Also, Rule 39 — there’s no such thing as a coincidence (there is, but shush!)
A few weeks ago we had a power outage in one of our larger colocation facilities hosting customer racks. Because (legacy, cost) we have a number of servers providing some core services that don’t have redundant power supplies, and so a couple of these went down with everything else. Ever since, we’d been having serious performance issues with one of those nodes.
Some quick background: At every facility we provide service in, we have at least a couple of servers which exist as hypervisors. Back in the day we were using OpenVZ to operate separate containers, then we were using KVM-based VMs, and now we’re in the process of moving over to VMWare. In each iteration, the principal is the same: Provide services within the datacenter that are either not ideal, or not recommended, to traverse the public internet.

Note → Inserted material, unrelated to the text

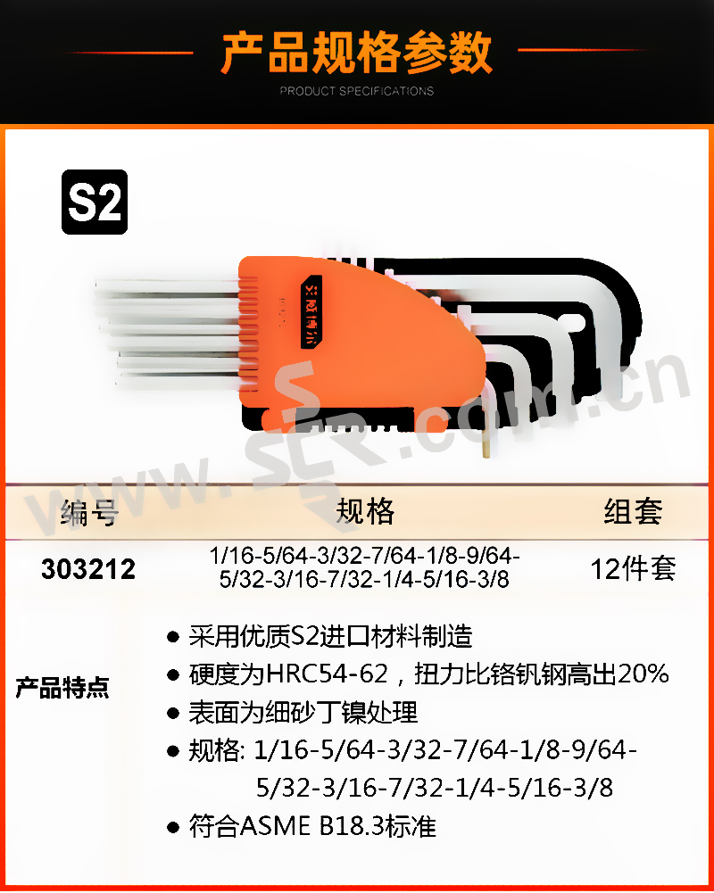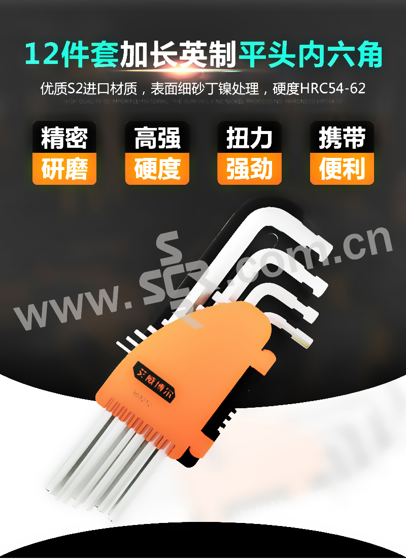 ·采用优质S2进口材料制造·硬度为HRC54-62,扭力比铬钒钢高出20%·表面为细砂丁镍处理·规格:1/16-5/64-3/32-7/64-1/8-9/64-5/32-3/16-7/32-1/4-5/16-3/8

For example, we host a speed test server so that we can have our clients test their connectivity within the datacenter, to the next closest facility, or across the country. We have a syslog proxy server which takes plaintext input and sends it back to a central logging server via an encrypted link. We have a couple of DNS servers which we offer to our clients for local DNS resolvers. We have a monitoring system that reaches out to local devices via SNMP (often unencrypted) and reports back to the cloud-based monitoring tool.
Ever since the power outage, we noticed that the monitoring server was a lot more sluggish than usual, and reporting itself as down multiple times per day. I did some digging, noticed a failure on one of the drives, had it replaced — that didn’t go well. Ended up taking the entire hypervisor down and rebuilding it and its VMs (these hosts don’t have any kind of centralized storage). No big, I thought. This won’t take long, I thought.

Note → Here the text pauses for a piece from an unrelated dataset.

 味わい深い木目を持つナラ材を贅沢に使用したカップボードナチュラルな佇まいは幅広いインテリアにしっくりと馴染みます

The process was going a lot slower than usual, and I didn’t put nearly enough thought into why that might be the case. I left the hypervisor building overnight and came back in with a fresh head. I was just settling in when I noticed a flood of alerts arriving from hosts that they weren’t able to reach Puppet. Odd, I thought, the box is fine! Memory is good, CPU is good, I/O Wait time (which is notoriously poor on this hardware) was fine. I set about monitoring — puppet runs were taking forever. Our puppet master typically compiles the manifest in 3-4 seconds, tops. It was taking 20-30s per host — that’s not sustainable with nearly 200 servers checking in.

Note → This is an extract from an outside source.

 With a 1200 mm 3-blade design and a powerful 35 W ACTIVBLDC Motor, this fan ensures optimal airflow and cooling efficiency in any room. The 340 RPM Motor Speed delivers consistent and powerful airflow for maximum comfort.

What’s embarrassing for me is that it wasn’t until I had a customer ticket come in that they were getting slow DNS lookups that I realized exactly what was happening — the hypervisor I was rebuilding, the one I had consciously deleted configs for “dns1” on, was the culprit.
A quick modification to Puppet Master’s resolv.conf, and also a temporary update to the Puppet-configured resolv.conf that we push out, reversing those internal nameservers, and everything started to clear out. Puppet runs dropped back down to single digits, customers reported everything was fine.
Of course it was DNS. It’s always DNS.